### YOUR ASSIGNMENT
With pictures left out, set down exactly the lines that begin at the one containing "问题: 使用程序拉取接口一直拉取不到新建的外部群, 然后使用官方调试工具如上图,也拉取不到新建的群" and end with the last line of the entries below.

### LISTED RECORDS
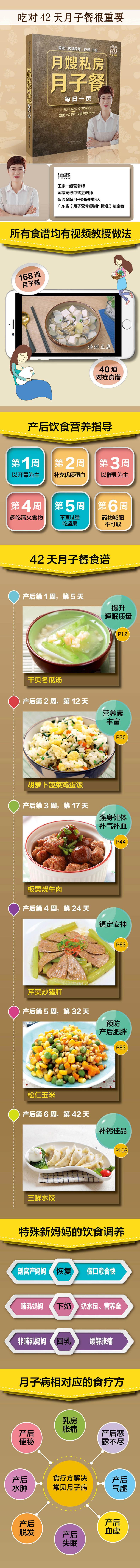 书中详细给出了42天168道月子餐,每天不重样,且营养丰富全面。与此同时,还为剖宫产妈妈、哺乳妈妈、因不抗力不得已断哺乳的妈妈提供特定食谱。此外,针对不同病症也给出了相应食疗方,让新妈妈安心哺乳,不用担心影响宝宝健康。另外,还有视频详细讲解食谱步骤,让做月子餐变得更简单。
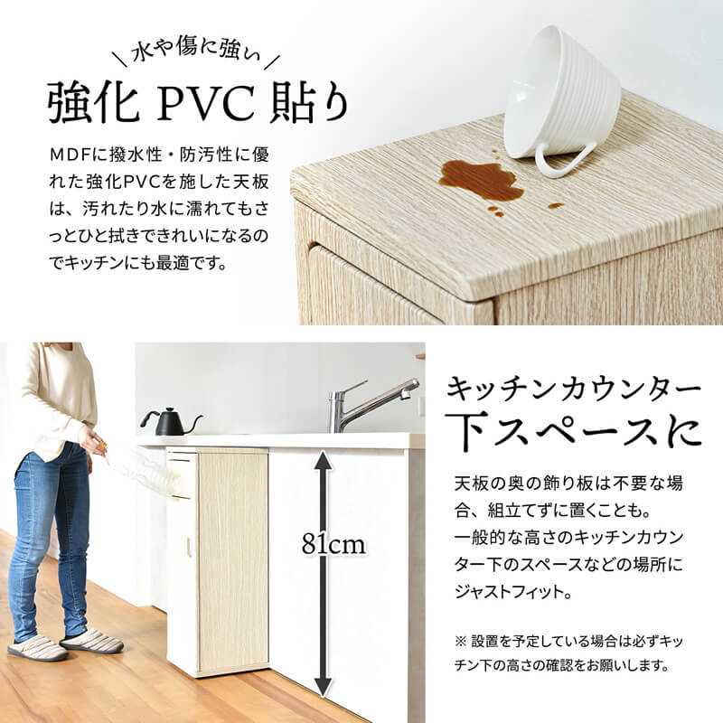 ・天板、底板、側板:中質繊維板にPVC貼り
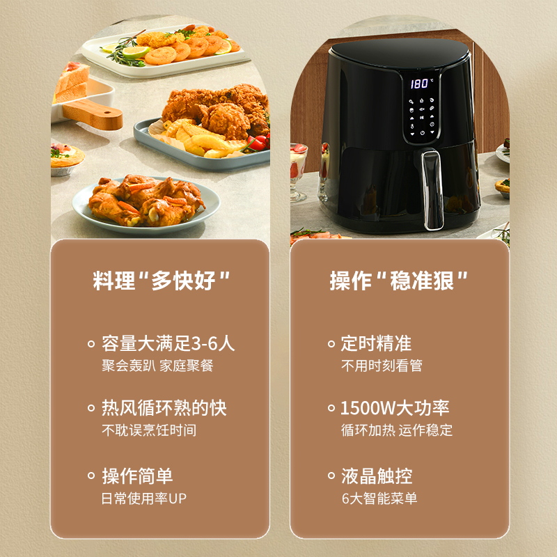 Yamamoto air fryer smart household high-power frying pan oil-free low-fat electric frying pan oven fries frying pan
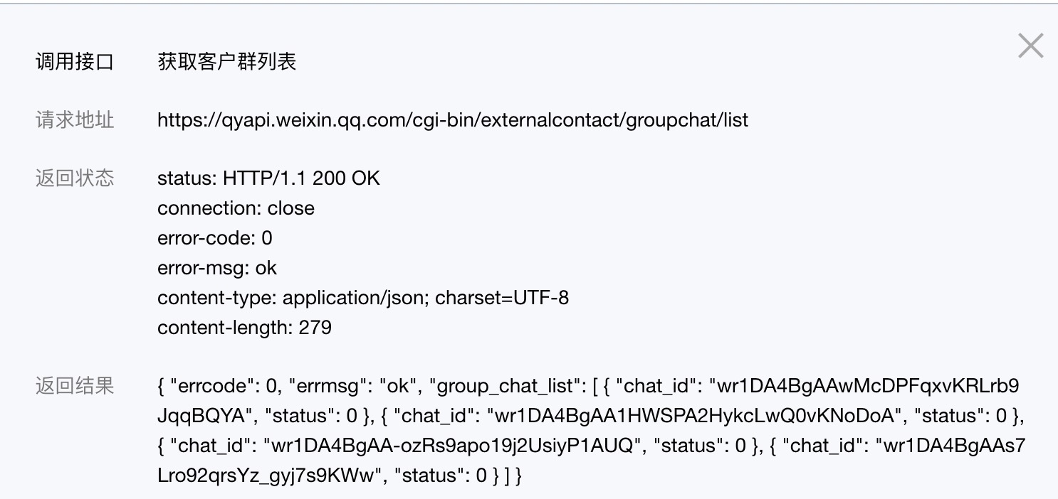 问题: 使用程序拉取接口一直拉取不到新建的外部群, 然后使用官方调试工具如上图,也拉取不到新建的群
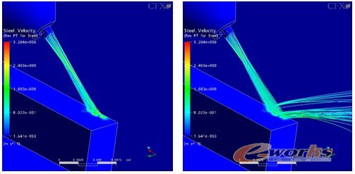 由图可见:首先粉末随载粉气体到达喷嘴并在重力作用下从出粉口下落,在重力及约束气流的带动下加速下落形成气/粉两相流,并在工件表面上形成近似椭圆质量分布,由于工件表面未熔化,此时粉末颗粒全部反弹,没有熔覆层形成。
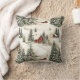 Este travesseiro rústico apresenta uma cena de inverno em floresta com pinheiros cobertos de neve e casas vermelhas aninhadas na neve. Perfeito para decoração sazonal e feriado.
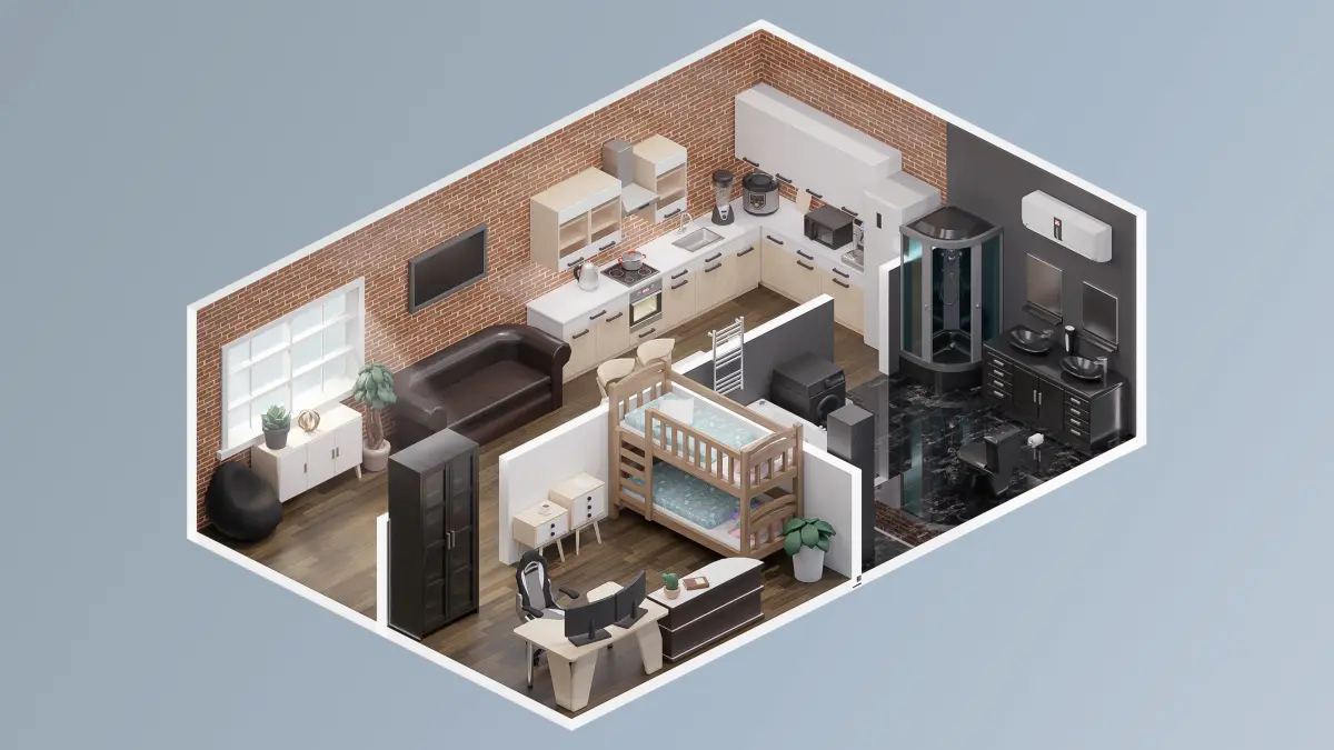 Walls, stairs, fences, sofa, chairs, bathroom assets, kitchen assets, bed, closet, clothing, table, door, props, flooring, flowers, lamp, window, pictures, etc.;
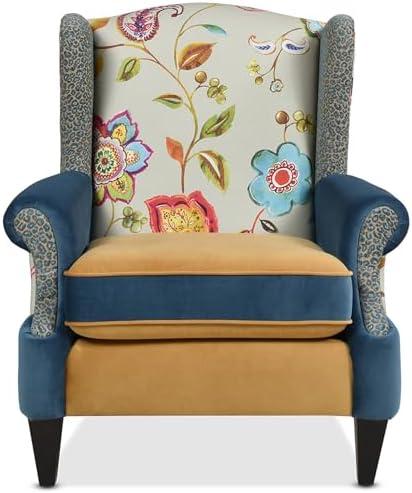 Chic Floral Patchwork Wingback Accent Arm Chair
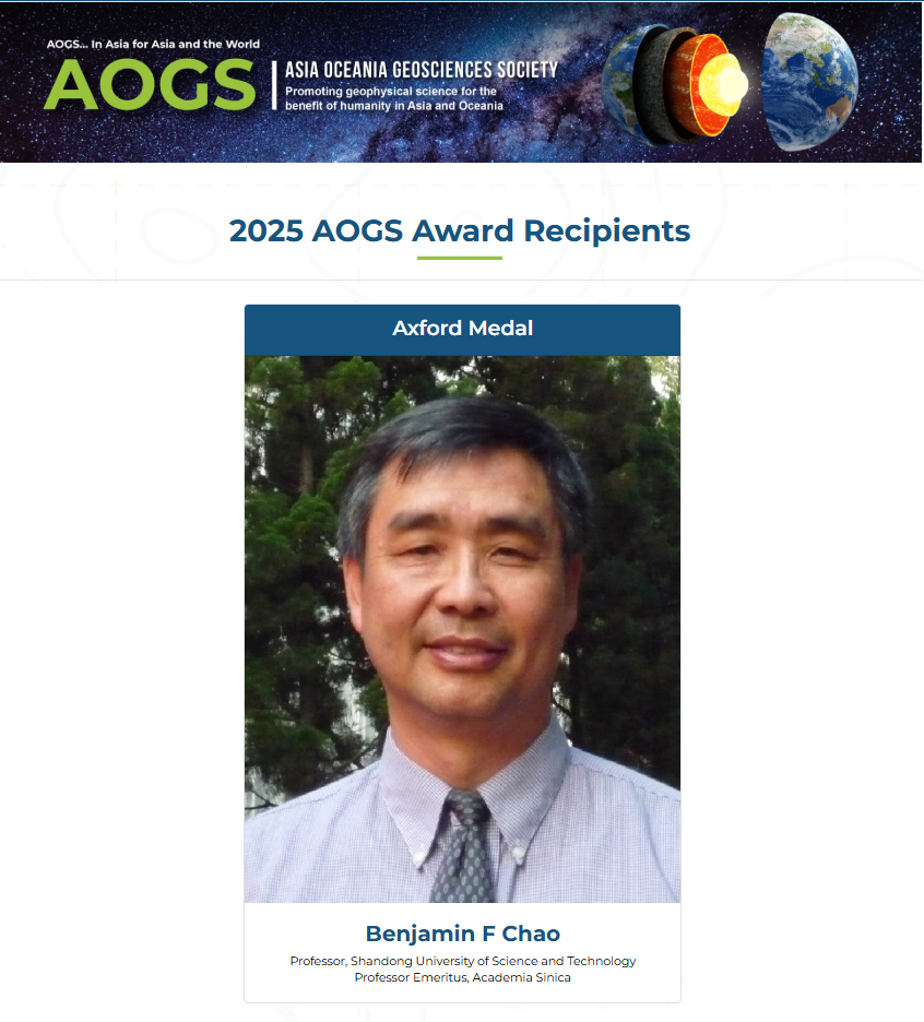 近日,亚洲-大洋洲地球科学学会(Asia Oceania Geosciences Society, AOGS)公布了2025年度“艾克斯福特奖”(Axford Medal)获奖人选,beat365正版唯一官网测绘与空间信息学院赵丰教授获该奖项。

### WRITTEN SOLUTION
 问题: 使用程序拉取接口一直拉取不到新建的外部群, 然后使用官方调试工具如上图,也拉取不到新建的群
 由图可见:首先粉末随载粉气体到达喷嘴并在重力作用下从出粉口下落,在重力及约束气流的带动下加速下落形成气/粉两相流,并在工件表面上形成近似椭圆质量分布,由于工件表面未熔化,此时粉末颗粒全部反弹,没有熔覆层形成。
 Este travesseiro rústico apresenta uma cena de inverno em floresta com pinheiros cobertos de neve e casas vermelhas aninhadas na neve. Perfeito para decoração sazonal e feriado.
 Walls, stairs, fences, sofa, chairs, bathroom assets, kitchen assets, bed, closet, clothing, table, door, props, flooring, flowers, lamp, window, pictures, etc.;
 Chic Floral Patchwork Wingback Accent Arm Chair
 近日,亚洲-大洋洲地球科学学会(Asia Oceania Geosciences Society, AOGS)公布了2025年度“艾克斯福特奖”(Axford Medal)获奖人选,beat365正版唯一官网测绘与空间信息学院赵丰教授获该奖项。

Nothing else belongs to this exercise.